PROBLEM: Print all the records below exactly as they stand, but leave out the pictures.

Saved data entries

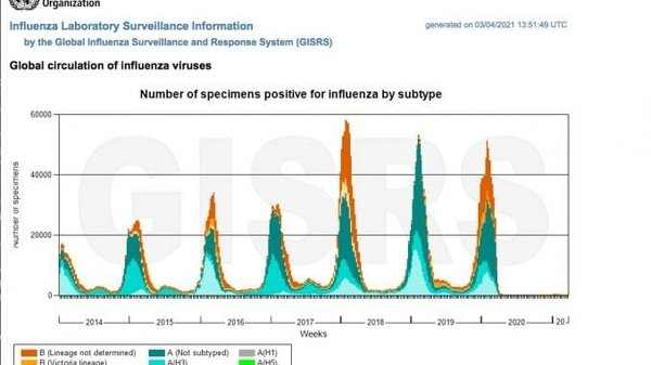 Στην εικόνα βλέπετε ξεκάθαρα τους κύκλους της γρίπης ή ινφλουένζας από το ετος 2013 μέχρι το 2020!! Μετά εξαφανίστηκε από την Γαία για να εμφανιστεί σε άλλο πλανήτη και αστρικό σύστημα…οι ιατροί μας γνωρίζουν τωρα ότι την κολλάνε μόνο στην Ανδρομέδα…εκεί πιστεύουν οι ιατροί μας ότι η Πανδημία της γρίπης έχει αποδεκατίσει το 1/3 των Ανδρομέδιων…
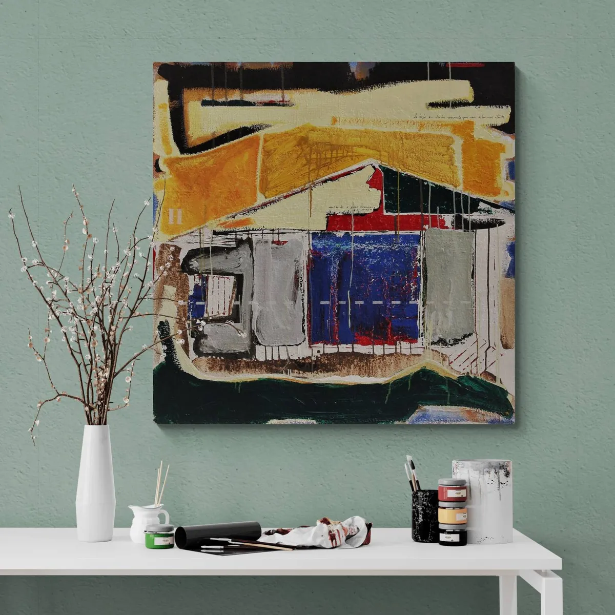 Painting: Oil, Acrylic on Canvas. Exploration of the model, module or pattern in several contexts. Read different texts. Provoke the observer and cause many feelings in certain contexts. The most grotesque expressionism compared to the accuracy of the lines defined as letters and some numbers alluding to mathematics. The painting in this type of classic support plays between the accuracy and the expressiveness. The edges are painting no need frame. 100 X 100 X 5 cm This work is framed You will receive it "ready to hang", with a hook on the back. Canvas This high quality oil and acrylic painting. Please feel free to email if interested. I am happy to send more images. This painting includes a certificate of Authenticity © 2019 José FONTE All Rights Reserved
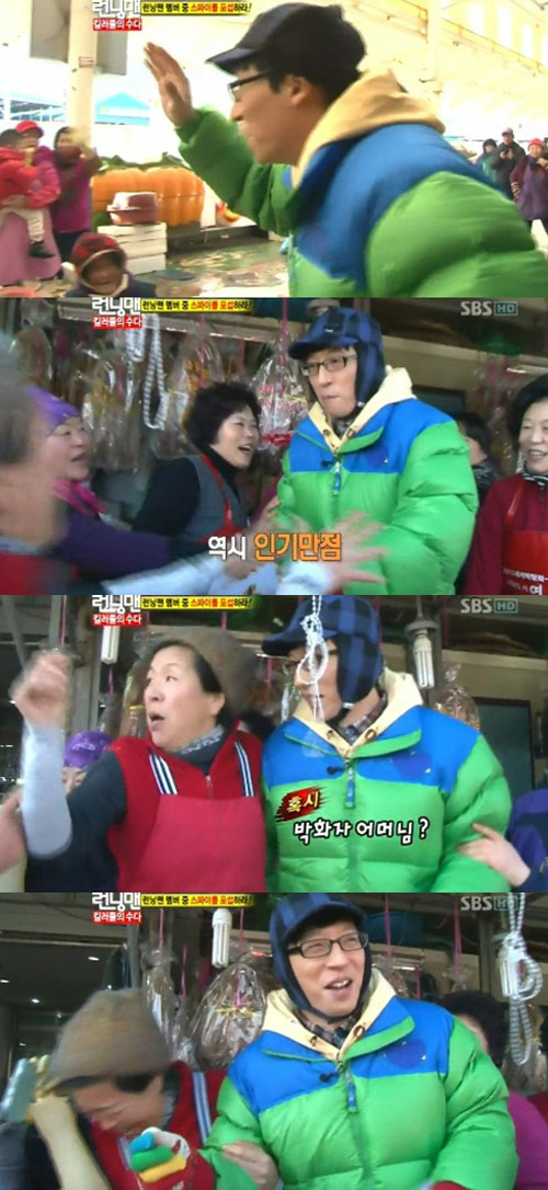 이날 미션 수행을 위해 여수 시장에서 박대를 파는 박화자 어머니를 찾아 나선 유재석은 많은 상인들이 그를 반기며 몰려도 웃음을 잃지 않는 모습을 보였다.
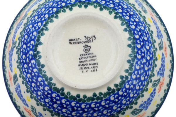 This Fruit Medley 6" Bowl was handmade and hand decorated in Boleslawiec, Poland by skilled artisans according to old traditional methods. This is a Polish pottery Signature Unikat, which means that it has been hand painted with both sponges and brushes and it is signed by the artist who painted it. Unikat pieces are the most intricate works of art. Larger Unikat items take hours of very careful work to finish. This Polish stoneware is microwave, dishwasher, freezer, and oven safe up to 480°F. It does not contain lead or cadmium. It is part of the Fruit Medley Collection.
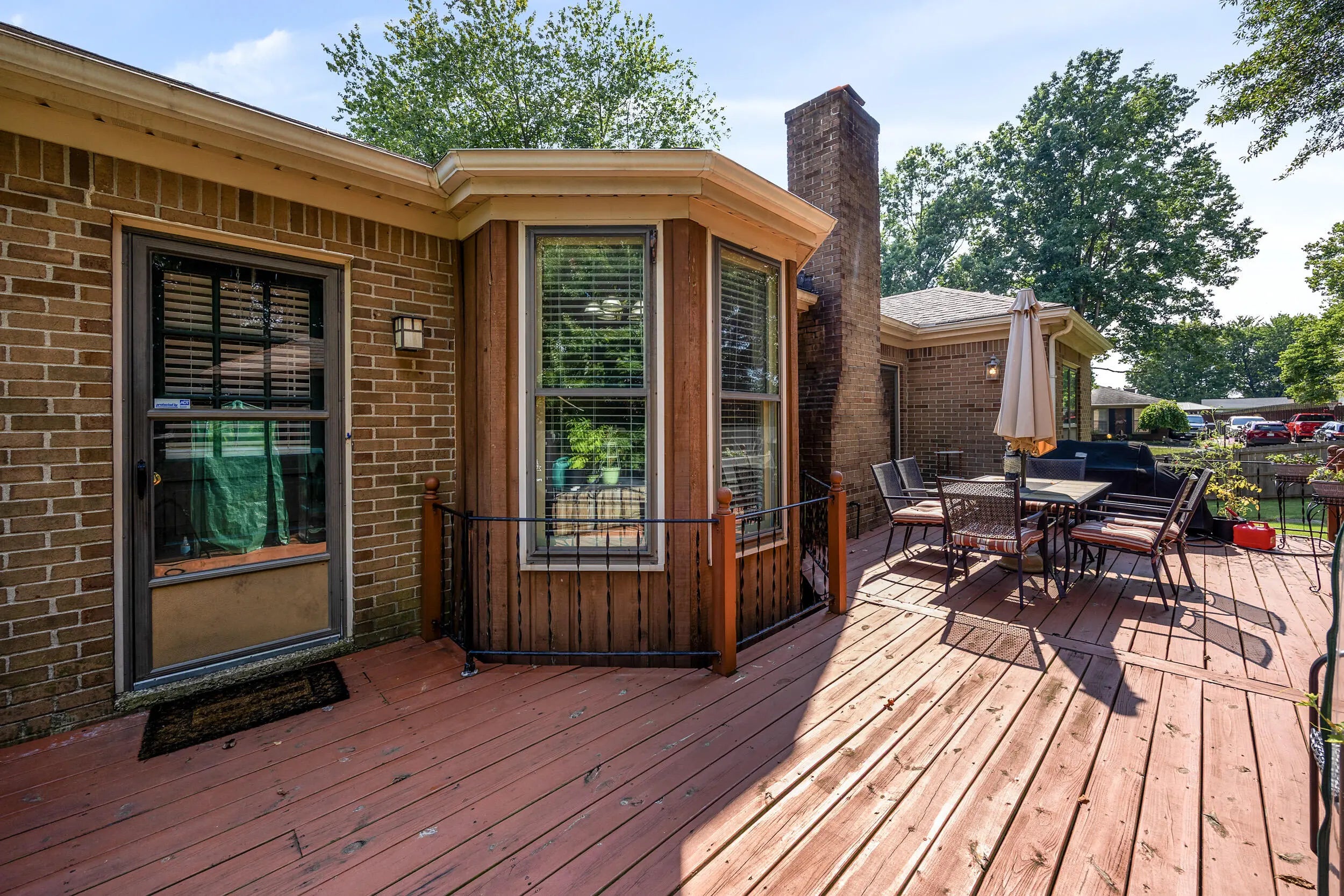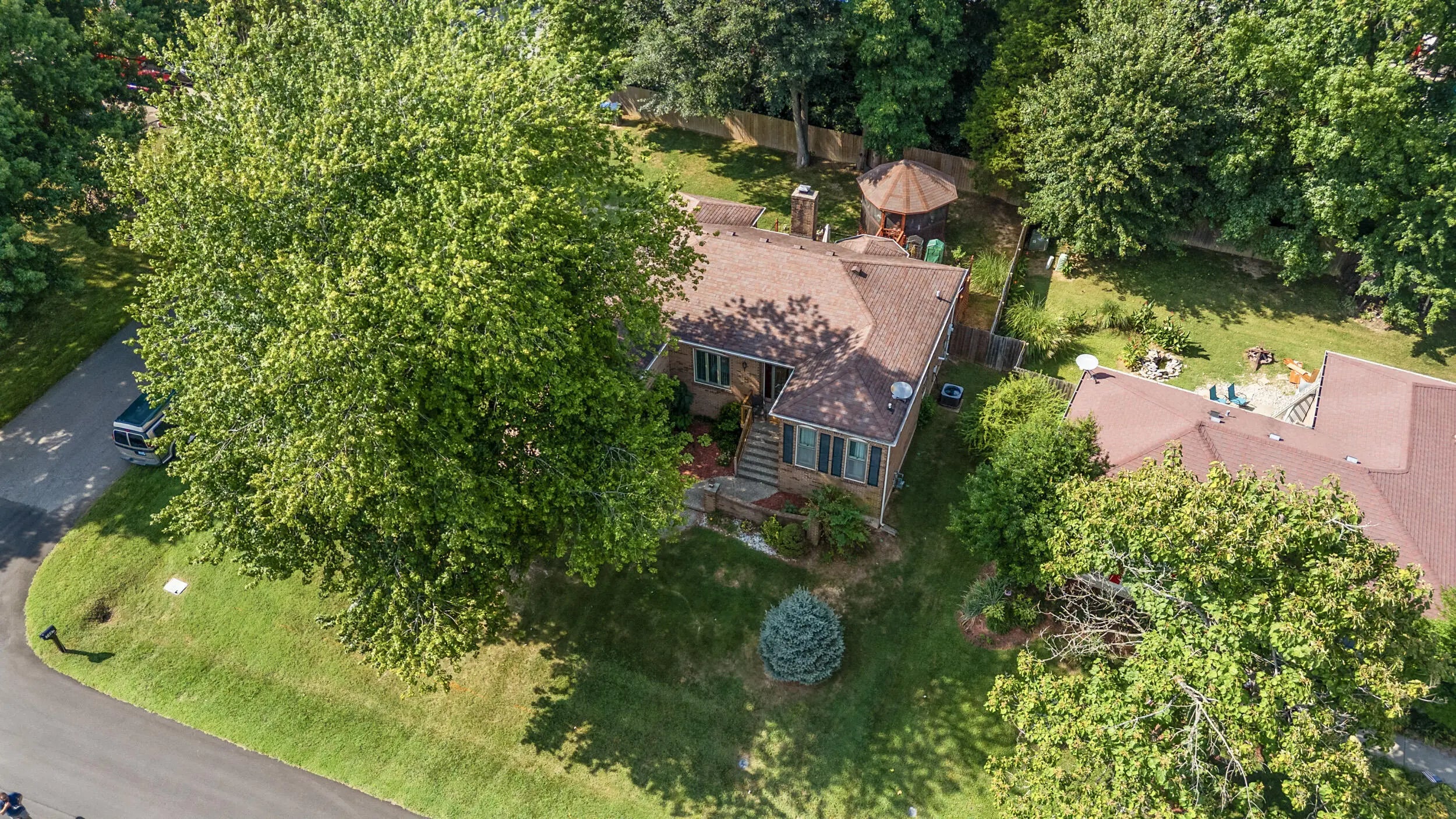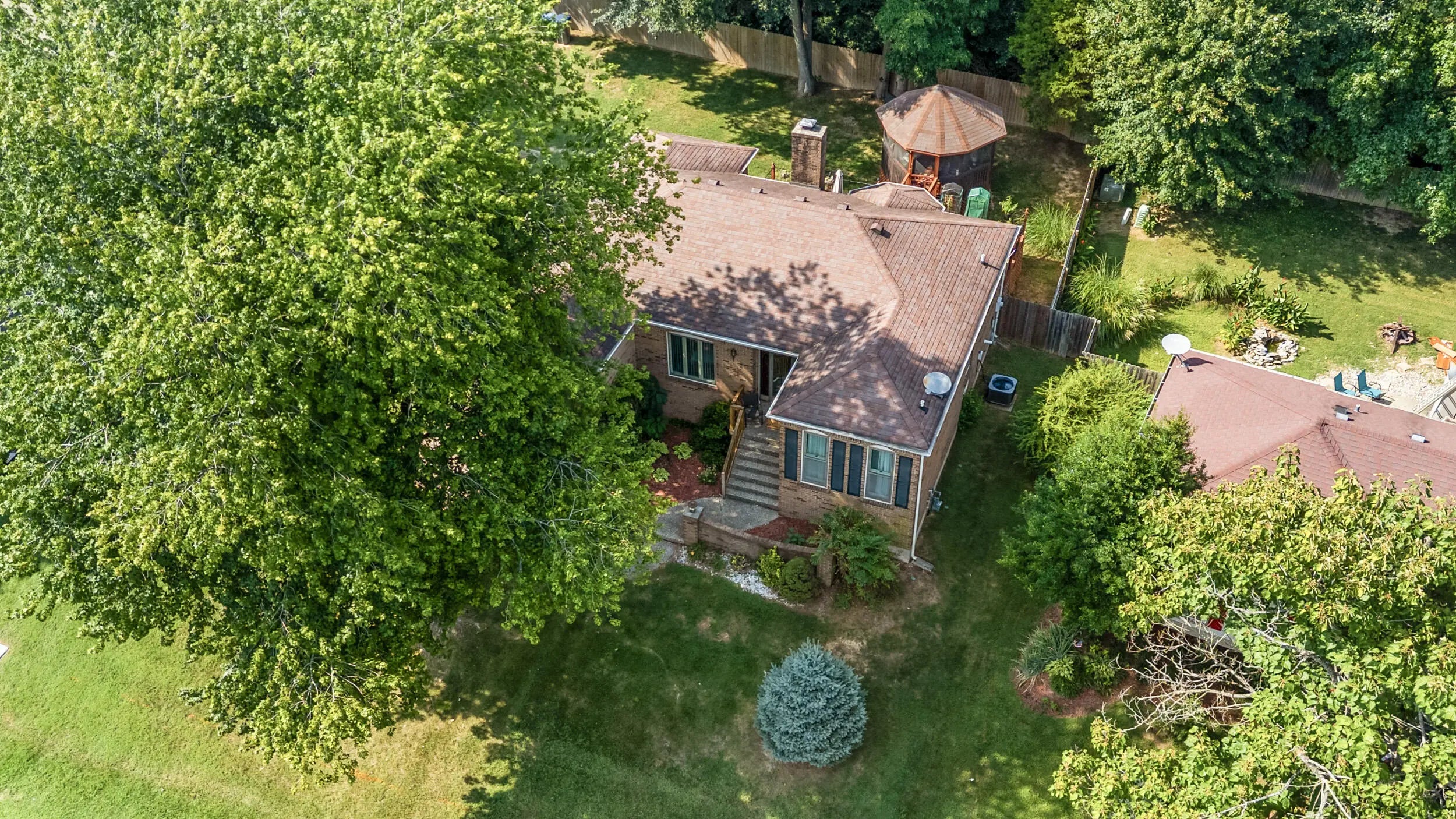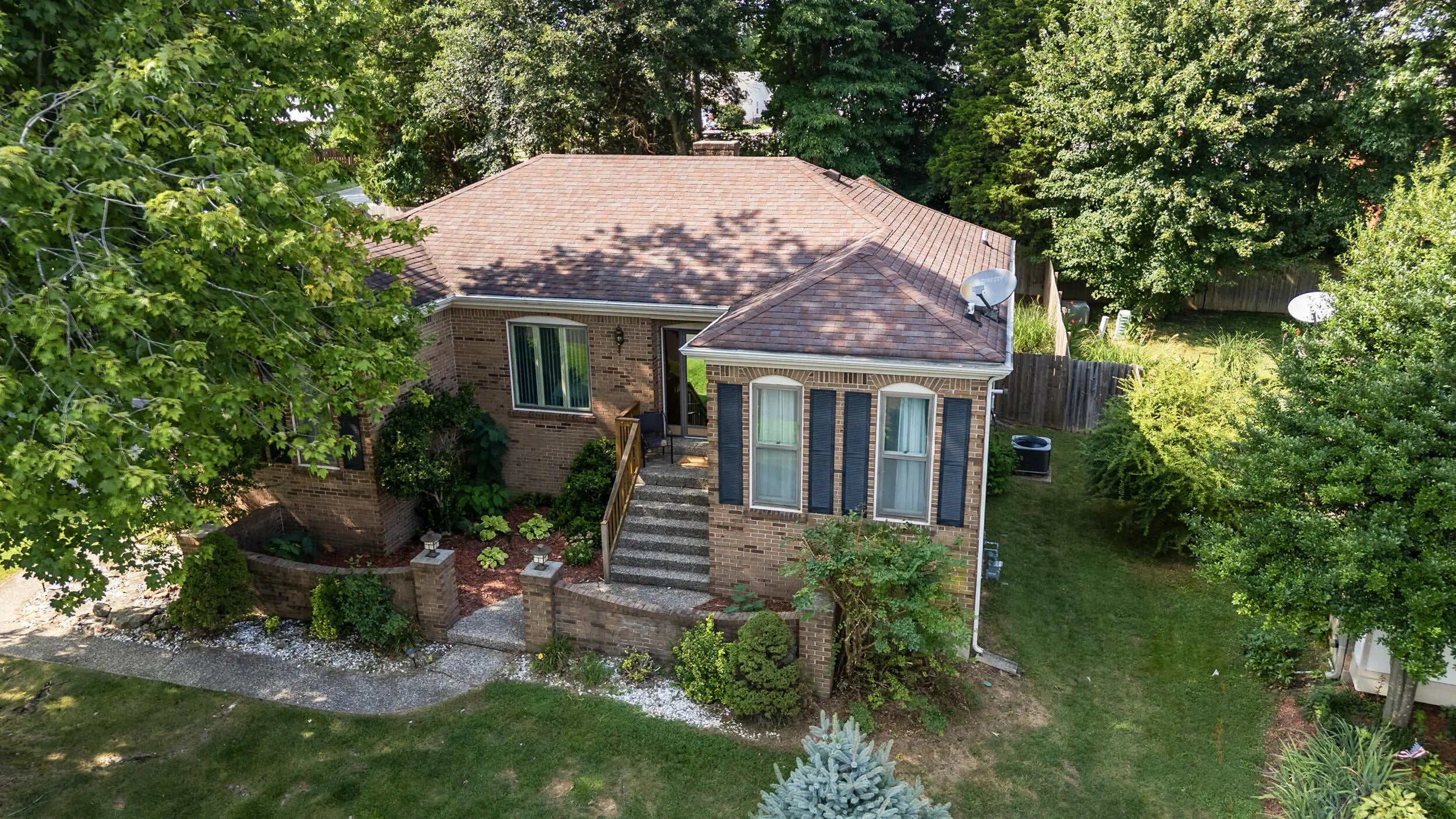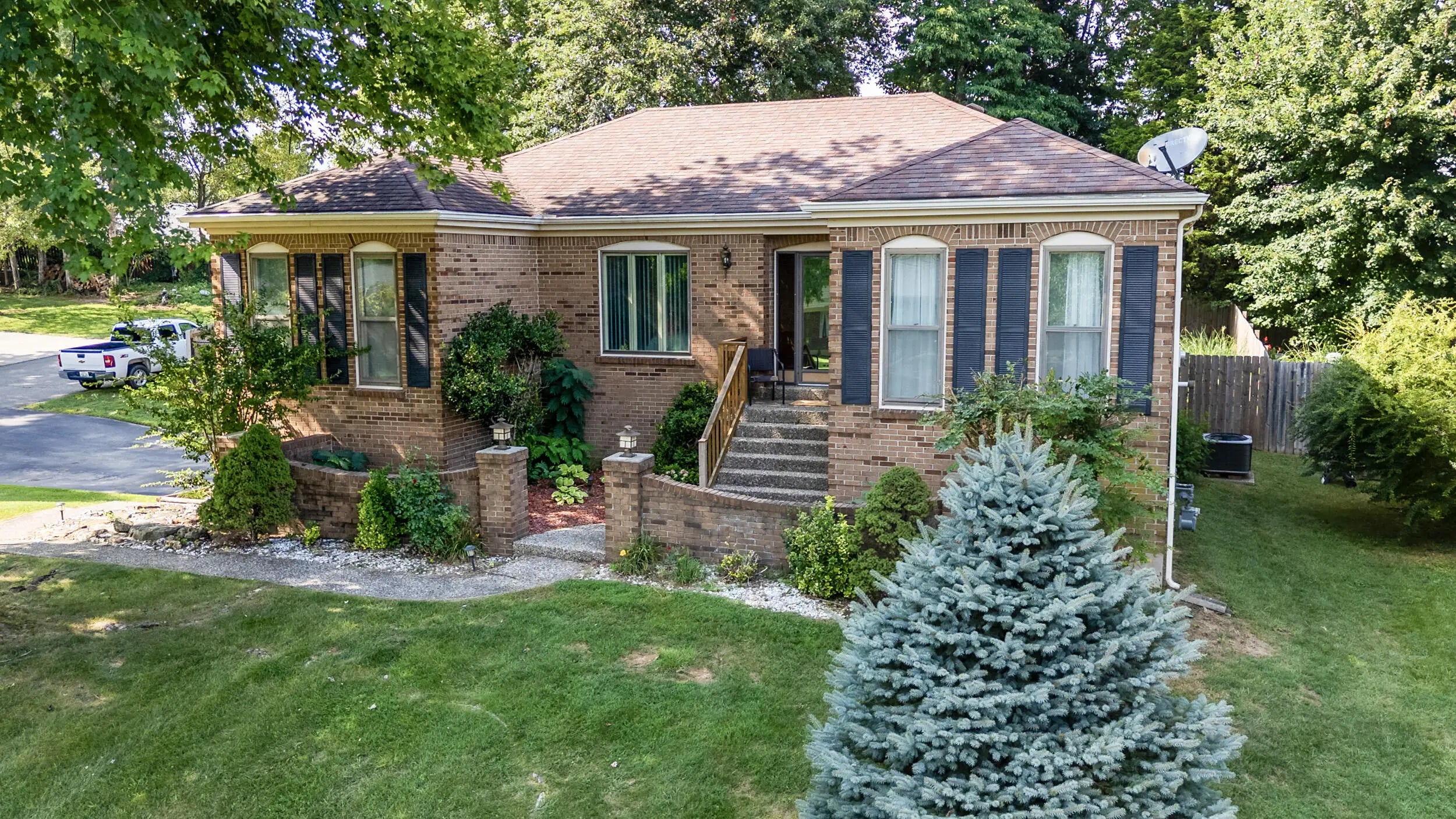 Charming all brick ranch offering 3 bedrooms, bonus room, 2 full bathrooms, attached 2 car garage and a finished basement! Desired location walking distance to Highview park, large corner lot, backyard fenced, no HOAs, under $320k! Step inside to find a warm and inviting layout. The living room features bold accent walls and opens into a formal dining area with crown molding and hardwood floors, ideal for hosting gatherings. A spacious family room boasts vaulted ceilings with wood beams, a striking brick fireplace, built-in shelving and French doors leading to the expansive private deck. The kitchen offers stainless steel appliances, and a cozy breakfast nook surrounded by windows for natural light and another walk out to the deck and gazebo! The main level includes 3 large bedrooms, including a primary suite with an updated double-sink vanity and walk in shower. The finished basement adds even more living space, featuring a versatile rec room, additional storage, and access to the 2-car garage. Outside, enjoy the fenced backyard with a large deck and a screened-in gazebo—ideal for entertaining, dining, or simply enjoying your morning coffee in peace. Perennial landscaping & mature trees provide shade and privacy, enhancing the home's curb appeal. Schedule your showing today!
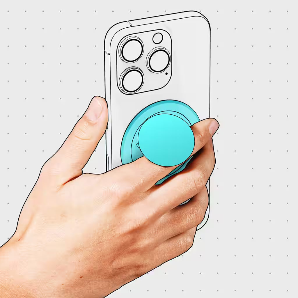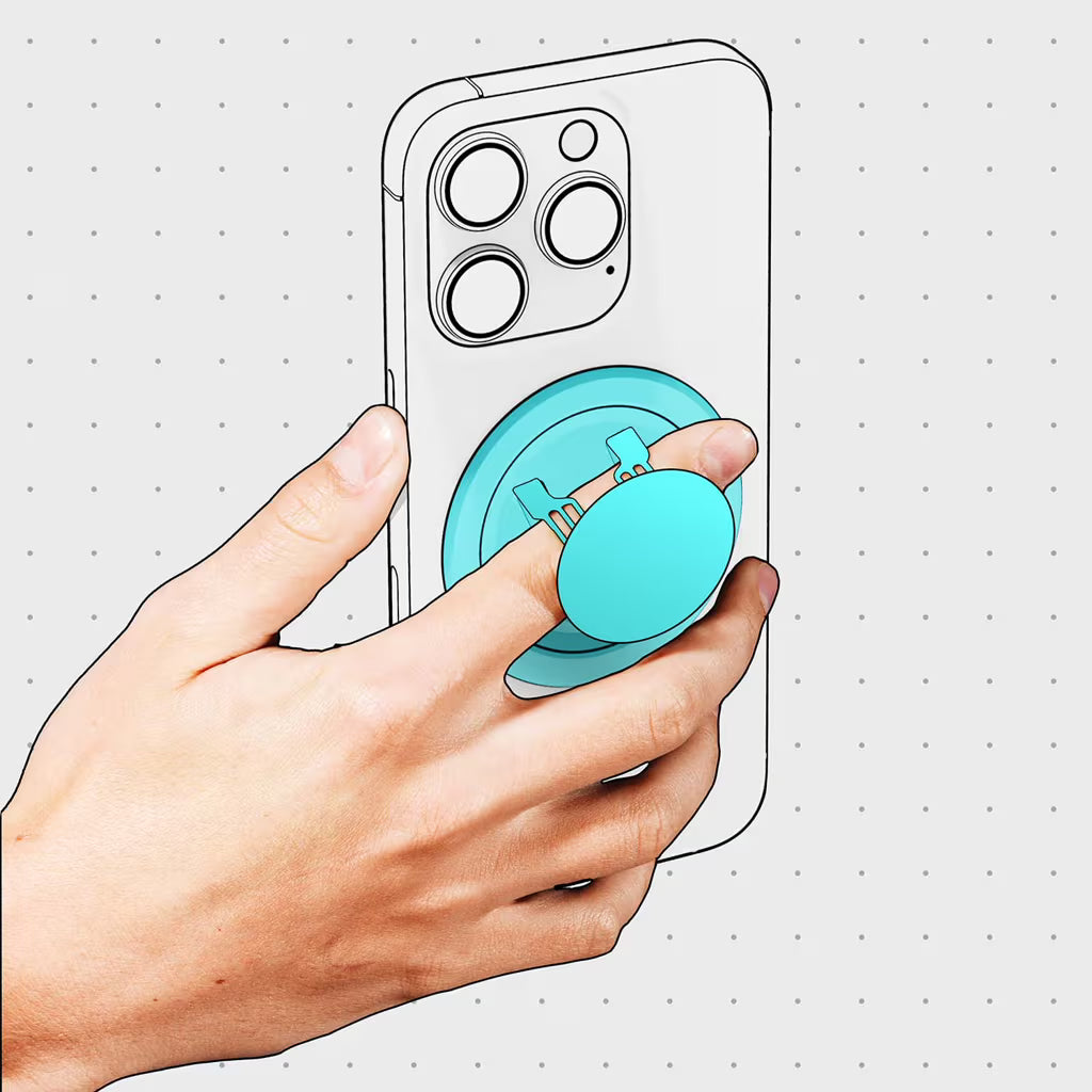 Now Adhesive Free. Grip it. Spin it. Kick it. Stick it. Swap it. Pocket. Use Snap Grip 5 as a one or two finger grip with full 360° rotation, kick it into a rock-solid stand, or snap it to anything metal. The glueless MagSafe® design makes swapping accessories effortless and, at just 3mm thin, it slides into your pocket without a snag. Built with a sleek metal trim and includes an adaptor for non-iPhones & cases.

ANSWER SECTION:
 Στην εικόνα βλέπετε ξεκάθαρα τους κύκλους της γρίπης ή ινφλουένζας από το ετος 2013 μέχρι το 2020!! Μετά εξαφανίστηκε από την Γαία για να εμφανιστεί σε άλλο πλανήτη και αστρικό σύστημα…οι ιατροί μας γνωρίζουν τωρα ότι την κολλάνε μόνο στην Ανδρομέδα…εκεί πιστεύουν οι ιατροί μας ότι η Πανδημία της γρίπης έχει αποδεκατίσει το 1/3 των Ανδρομέδιων…
 Painting: Oil, Acrylic on Canvas. Exploration of the model, module or pattern in several contexts. Read different texts. Provoke the observer and cause many feelings in certain contexts. The most grotesque expressionism compared to the accuracy of the lines defined as letters and some numbers alluding to mathematics. The painting in this type of classic support plays between the accuracy and the expressiveness. The edges are painting no need frame. 100 X 100 X 5 cm This work is framed You will receive it "ready to hang", with a hook on the back. Canvas This high quality oil and acrylic painting. Please feel free to email if interested. I am happy to send more images. This painting includes a certificate of Authenticity © 2019 José FONTE All Rights Reserved
 이날 미션 수행을 위해 여수 시장에서 박대를 파는 박화자 어머니를 찾아 나선 유재석은 많은 상인들이 그를 반기며 몰려도 웃음을 잃지 않는 모습을 보였다.
 This Fruit Medley 6" Bowl was handmade and hand decorated in Boleslawiec, Poland by skilled artisans according to old traditional methods. This is a Polish pottery Signature Unikat, which means that it has been hand painted with both sponges and brushes and it is signed by the artist who painted it. Unikat pieces are the most intricate works of art. Larger Unikat items take hours of very careful work to finish. This Polish stoneware is microwave, dishwasher, freezer, and oven safe up to 480°F. It does not contain lead or cadmium. It is part of the Fruit Medley Collection.
 Charming all brick ranch offering 3 bedrooms, bonus room, 2 full bathrooms, attached 2 car garage and a finished basement! Desired location walking distance to Highview park, large corner lot, backyard fenced, no HOAs, under $320k! Step inside to find a warm and inviting layout. The living room features bold accent walls and opens into a formal dining area with crown molding and hardwood floors, ideal for hosting gatherings. A spacious family room boasts vaulted ceilings with wood beams, a striking brick fireplace, built-in shelving and French doors leading to the expansive private deck. The kitchen offers stainless steel appliances, and a cozy breakfast nook surrounded by windows for natural light and another walk out to the deck and gazebo! The main level includes 3 large bedrooms, including a primary suite with an updated double-sink vanity and walk in shower. The finished basement adds even more living space, featuring a versatile rec room, additional storage, and access to the 2-car garage. Outside, enjoy the fenced backyard with a large deck and a screened-in gazebo—ideal for entertaining, dining, or simply enjoying your morning coffee in peace. Perennial landscaping & mature trees provide shade and privacy, enhancing the home's curb appeal. Schedule your showing today!
 Now Adhesive Free. Grip it. Spin it. Kick it. Stick it. Swap it. Pocket. Use Snap Grip 5 as a one or two finger grip with full 360° rotation, kick it into a rock-solid stand, or snap it to anything metal. The glueless MagSafe® design makes swapping accessories effortless and, at just 3mm thin, it slides into your pocket without a snag. Built with a sleek metal trim and includes an adaptor for non-iPhones & cases.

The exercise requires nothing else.